Заяц запер кабинет, и они с Патриком спустились в лифте на первый этаж. Доктор предложил подвезти своего пациента до гостиницы — это было ему по пути, — и Уоллингфорд с радостью принял его предложение. И только в машине, слушая радио, узнал наконец об исчезнувшем над океаном самолете Кеннеди-младшего.
Теперь это уже не было новостью ни для кого, кроме Уоллингфорда.

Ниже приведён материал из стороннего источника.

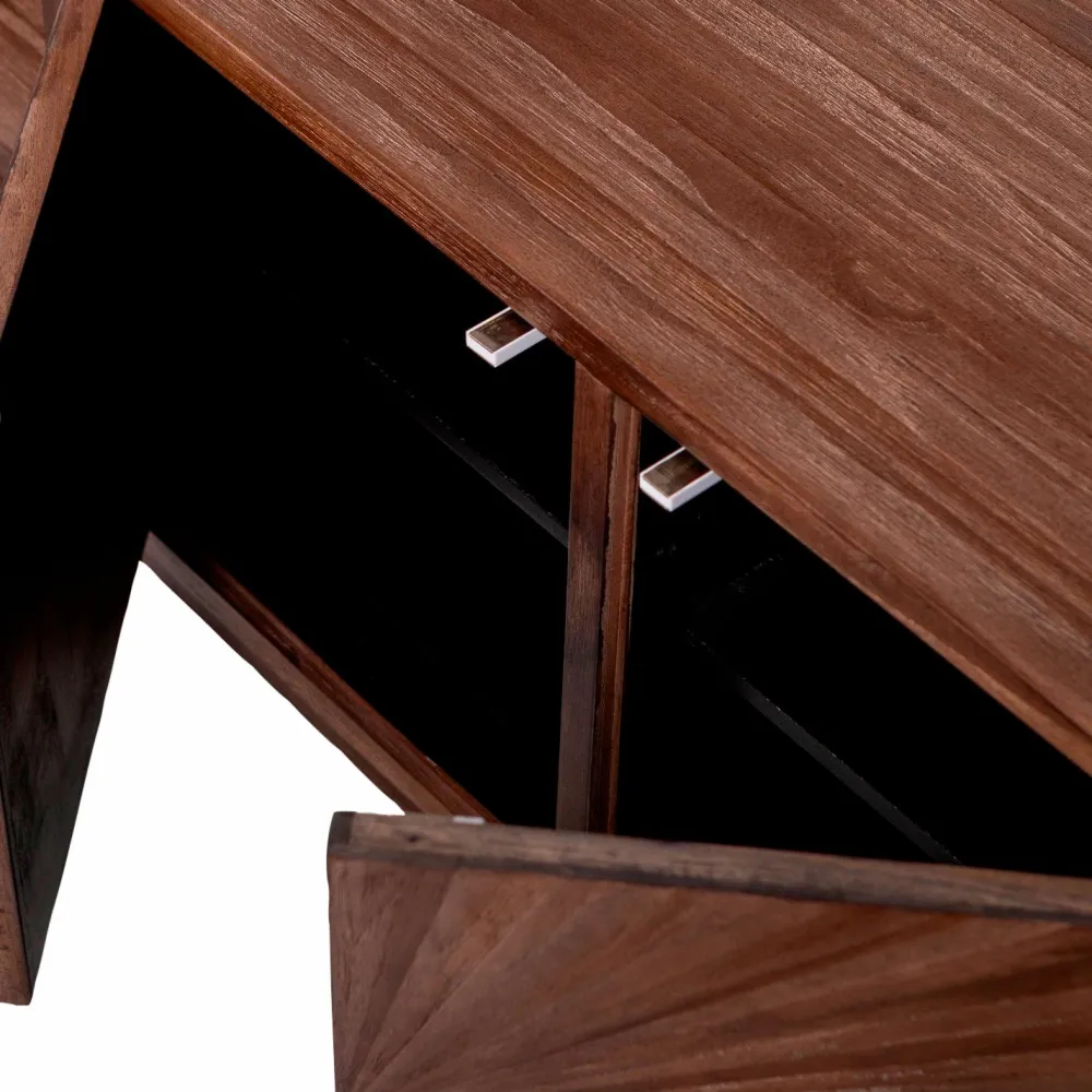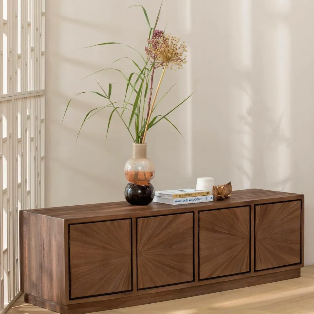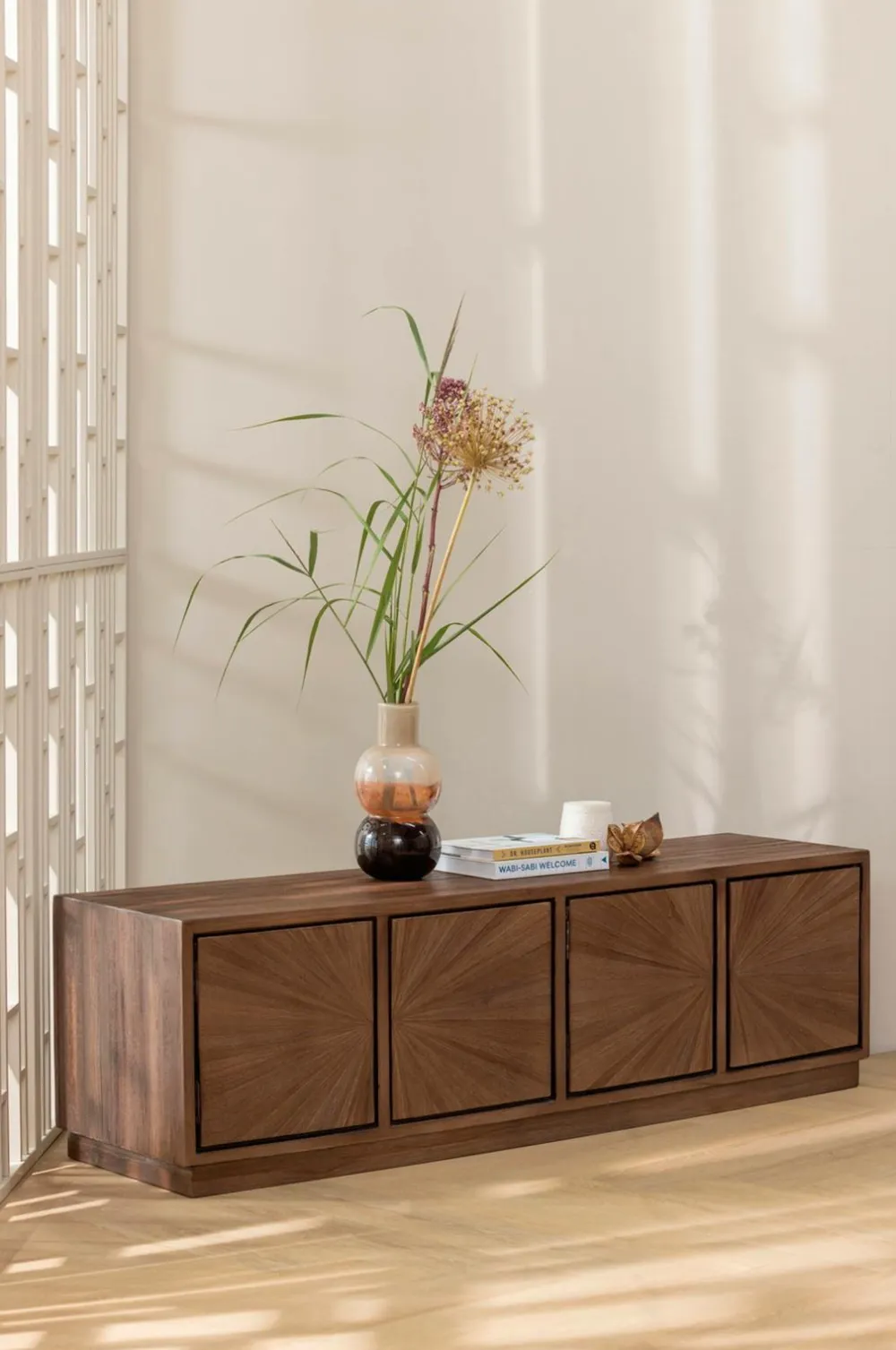 leder du efter et tv-skab, der både er stilfuldt og praktisk? Så vælg sun! Sun tv-skabet er en del af kollektionen fra det hollandske interiørdesignmærke woood og er fremstillet af genbrugt teaktræ. De raffinerede detaljer på lågerne giver skabet et unikt, håndværksmæssigt look. Bag de fire låger er der rigelig opbevaringsplads til udstyr eller andet tilbehør. På den måde kan du nemt opbevare alt!

Кеннеди-младший, его жена и свояченица пропали и считаются погибшими. Молодой Кеннеди, будучи пилотом не слишком опытным, сам вел самолет. Не забыли и про туман, повисший над Мартас-Винъярд прошлой ночью. Сообщалось, что на воде обнаружены ярлыки от багажа, позднее обнаружили и сам багаж, а также обломки самолета.
— Хорошо бы они все-таки и тела нашли, — заметил Заяц. — А то столько всяких слухов появится…
Патрик же не сомневался: слухи так или иначе появятся, найдут тела погибших или нет. Умы будут кипеть по крайней мере неделю. А ведь на предстоящей неделе Патрик рассчитывал взять отпуск и теперь жалел, что не попросил его раньше. (Вообще-то сперва он хотел взять неделю осенью, когда «Грин-Бей Пэкерз» будут играть на своем стадионе «Ламбо».)
В гостиницу «Чарльз» Уоллингфорд вернулся как приговоренный к смерти. Он прекрасно знал, какая новость — хотя трагедия никакого отношения к новостям не имела — на будущей неделе займет в сводках центральное место. Вот оно, самое отвратительное в его профессии! И, конечно же, ему опять придется в этом участвовать.